**Available records:**
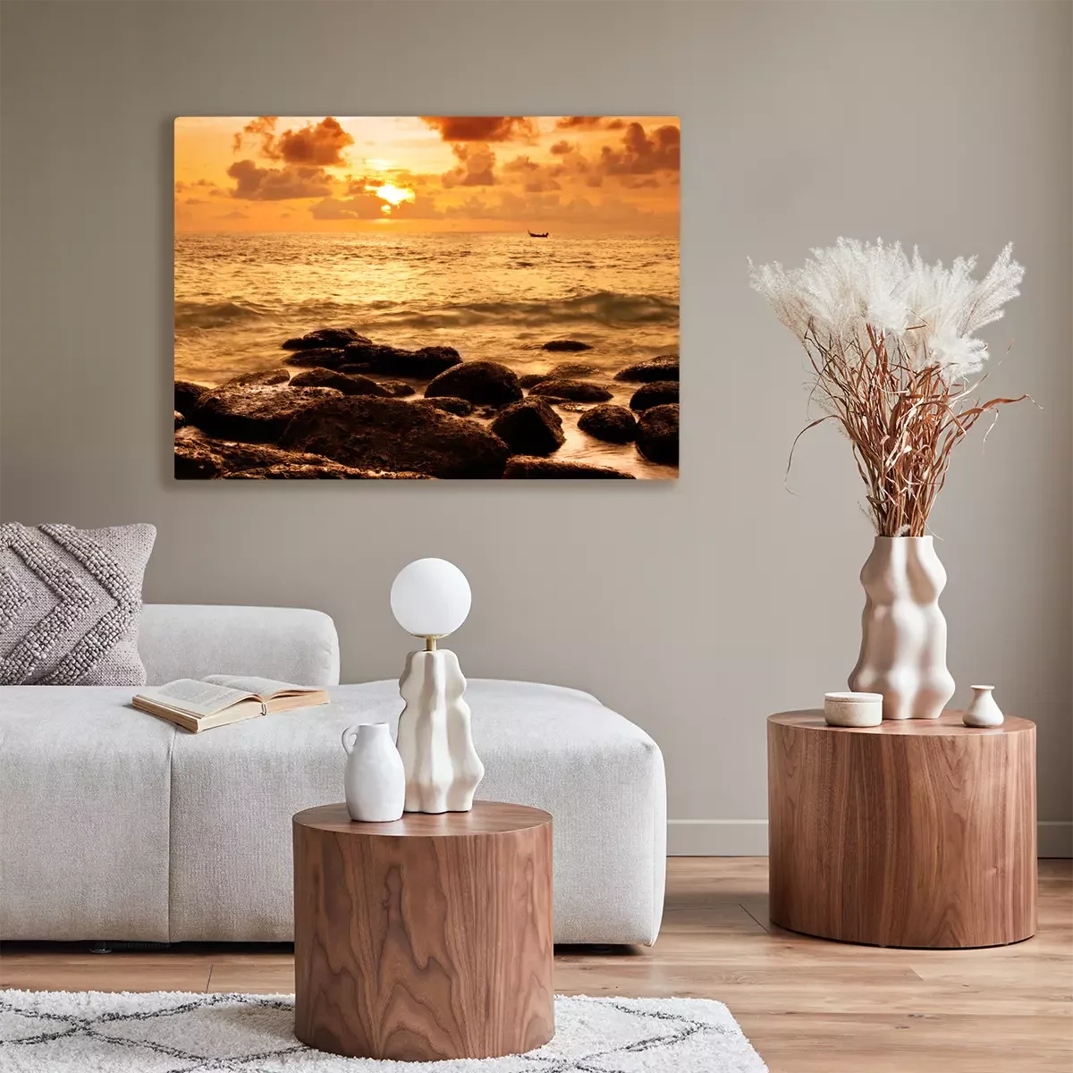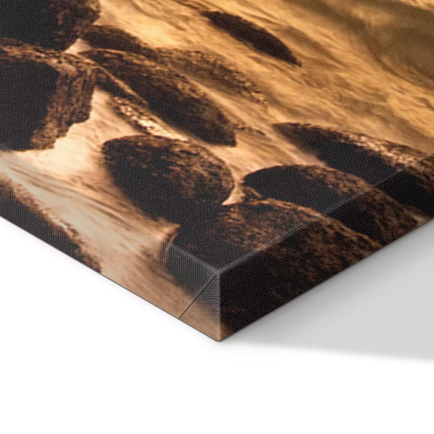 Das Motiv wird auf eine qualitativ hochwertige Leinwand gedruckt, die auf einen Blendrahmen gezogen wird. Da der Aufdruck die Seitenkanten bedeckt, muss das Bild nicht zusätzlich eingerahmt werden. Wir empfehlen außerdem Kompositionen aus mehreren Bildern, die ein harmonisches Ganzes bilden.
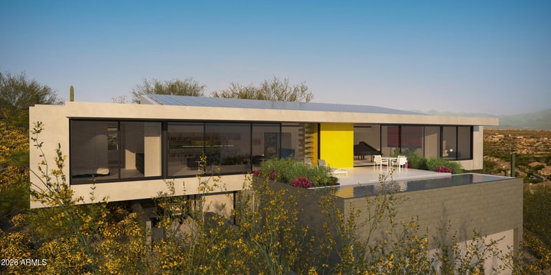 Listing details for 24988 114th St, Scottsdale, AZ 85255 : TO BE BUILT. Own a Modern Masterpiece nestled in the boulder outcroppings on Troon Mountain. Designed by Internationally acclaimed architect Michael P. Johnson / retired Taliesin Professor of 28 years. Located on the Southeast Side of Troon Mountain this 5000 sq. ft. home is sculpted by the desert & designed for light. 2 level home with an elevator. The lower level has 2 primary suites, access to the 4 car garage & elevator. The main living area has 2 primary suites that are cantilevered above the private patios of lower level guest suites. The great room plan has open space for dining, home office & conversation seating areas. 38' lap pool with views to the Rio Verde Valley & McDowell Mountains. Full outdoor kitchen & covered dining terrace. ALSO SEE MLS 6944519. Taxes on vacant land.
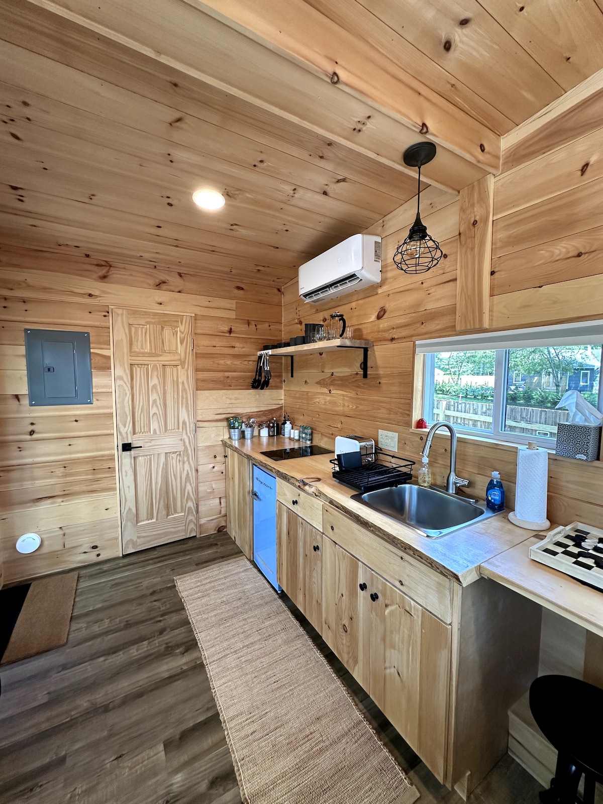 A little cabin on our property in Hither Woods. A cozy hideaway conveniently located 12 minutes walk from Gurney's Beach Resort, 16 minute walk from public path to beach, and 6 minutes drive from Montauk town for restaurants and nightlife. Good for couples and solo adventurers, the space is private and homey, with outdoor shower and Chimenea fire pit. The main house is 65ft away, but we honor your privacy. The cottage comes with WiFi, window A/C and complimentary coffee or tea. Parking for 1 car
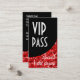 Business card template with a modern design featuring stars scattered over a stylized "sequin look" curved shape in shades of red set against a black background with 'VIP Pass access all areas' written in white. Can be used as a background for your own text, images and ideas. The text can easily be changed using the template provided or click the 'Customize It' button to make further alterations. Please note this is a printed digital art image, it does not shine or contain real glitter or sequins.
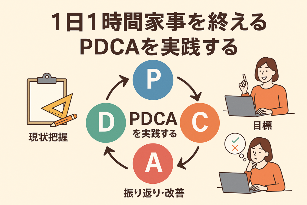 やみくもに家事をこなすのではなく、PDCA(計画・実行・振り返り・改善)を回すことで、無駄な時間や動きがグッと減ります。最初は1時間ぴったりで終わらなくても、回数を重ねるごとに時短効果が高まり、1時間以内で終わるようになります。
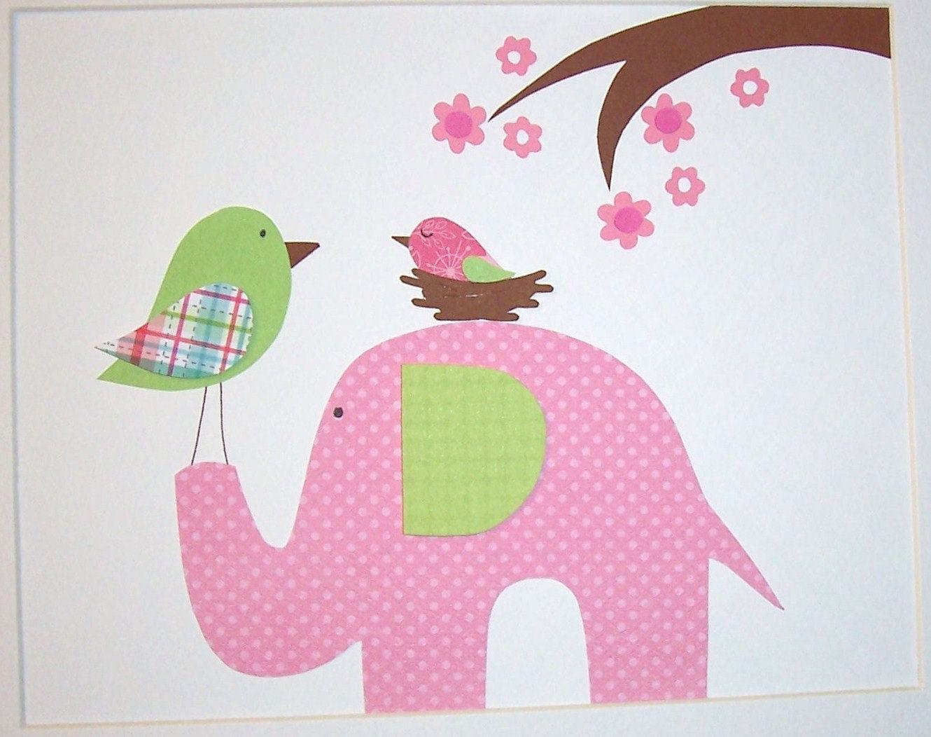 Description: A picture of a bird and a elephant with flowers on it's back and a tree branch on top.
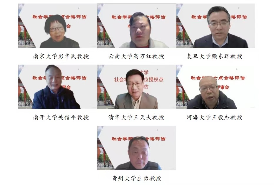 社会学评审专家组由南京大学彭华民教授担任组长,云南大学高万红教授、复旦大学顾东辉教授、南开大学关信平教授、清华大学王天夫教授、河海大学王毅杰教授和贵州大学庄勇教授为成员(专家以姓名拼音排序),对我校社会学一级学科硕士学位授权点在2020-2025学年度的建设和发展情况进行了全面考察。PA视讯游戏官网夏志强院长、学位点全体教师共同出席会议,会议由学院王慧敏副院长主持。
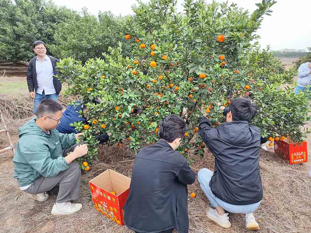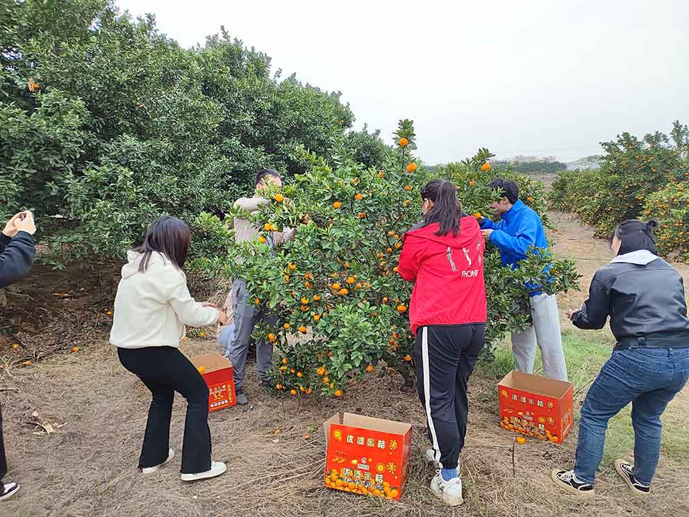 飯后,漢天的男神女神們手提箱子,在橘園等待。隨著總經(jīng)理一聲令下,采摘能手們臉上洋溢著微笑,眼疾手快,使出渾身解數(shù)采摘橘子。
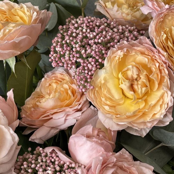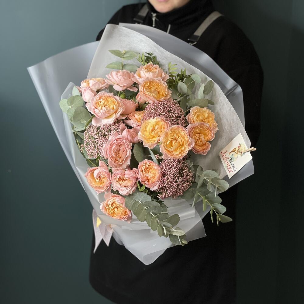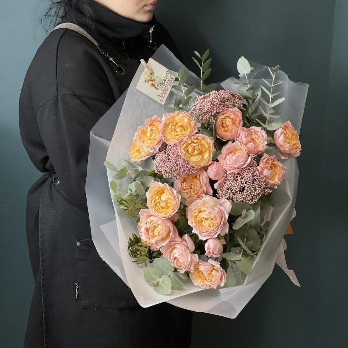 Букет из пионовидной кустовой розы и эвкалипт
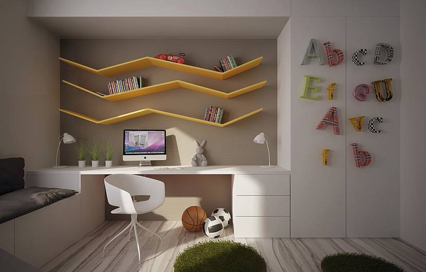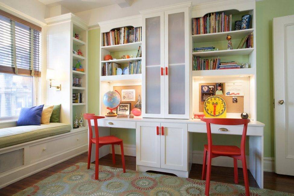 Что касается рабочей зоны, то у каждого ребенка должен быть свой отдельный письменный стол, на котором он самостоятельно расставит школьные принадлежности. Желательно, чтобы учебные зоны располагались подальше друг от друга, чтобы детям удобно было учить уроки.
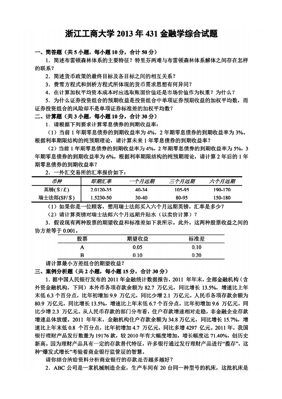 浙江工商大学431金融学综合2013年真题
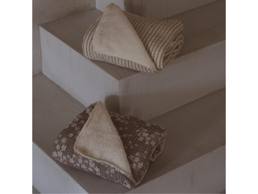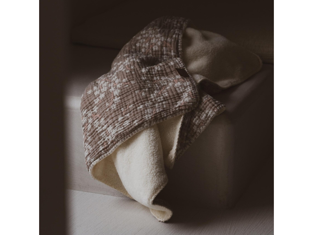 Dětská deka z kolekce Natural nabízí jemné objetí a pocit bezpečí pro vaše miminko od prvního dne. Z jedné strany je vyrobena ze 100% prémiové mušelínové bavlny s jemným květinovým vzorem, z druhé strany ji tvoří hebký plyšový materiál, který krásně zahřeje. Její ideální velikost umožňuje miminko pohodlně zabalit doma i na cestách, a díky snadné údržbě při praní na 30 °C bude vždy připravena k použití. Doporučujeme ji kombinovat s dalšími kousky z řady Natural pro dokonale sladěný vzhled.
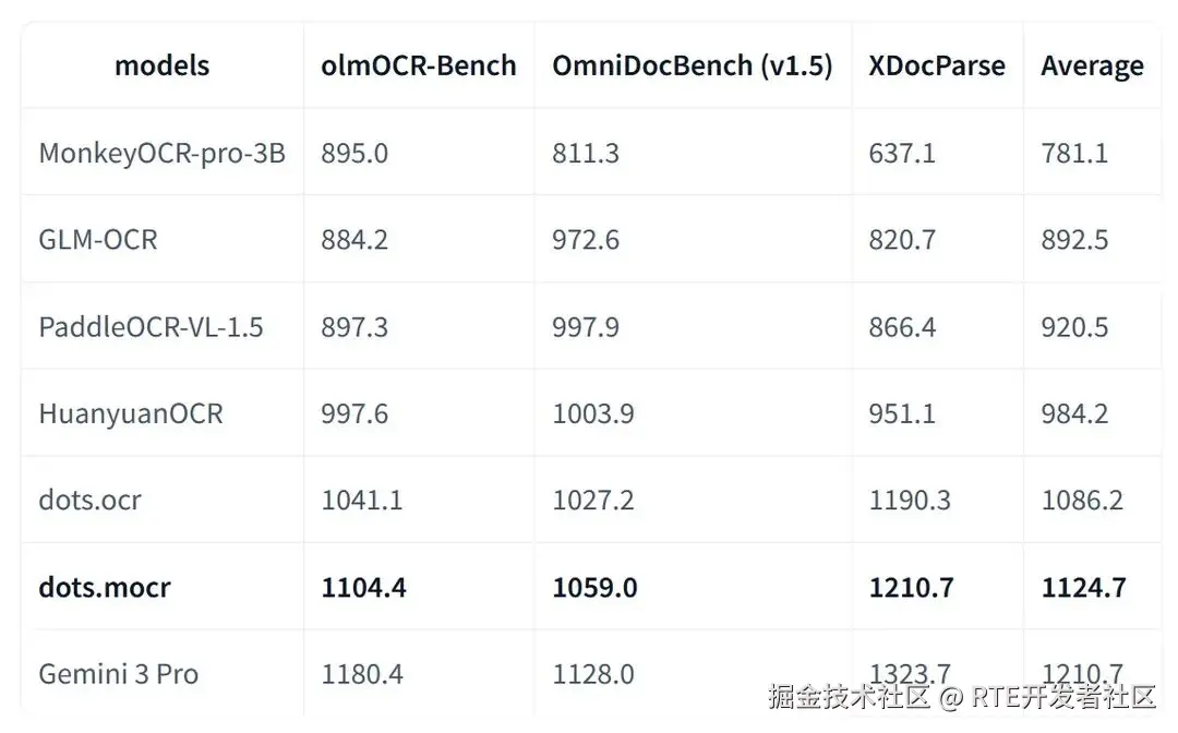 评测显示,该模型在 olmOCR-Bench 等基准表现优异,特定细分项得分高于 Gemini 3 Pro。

**Try it:** Both boundary lines included, write out word for word only the lines above from the one containing "Что касается рабочей" to the one containing "浙江工商大学431金融学综合2013年真题", leaving out any pictures.

**Exercise answer:**
 Что касается рабочей зоны, то у каждого ребенка должен быть свой отдельный письменный стол, на котором он самостоятельно расставит школьные принадлежности. Желательно, чтобы учебные зоны располагались подальше друг от друга, чтобы детям удобно было учить уроки.
 浙江工商大学431金融学综合2013年真题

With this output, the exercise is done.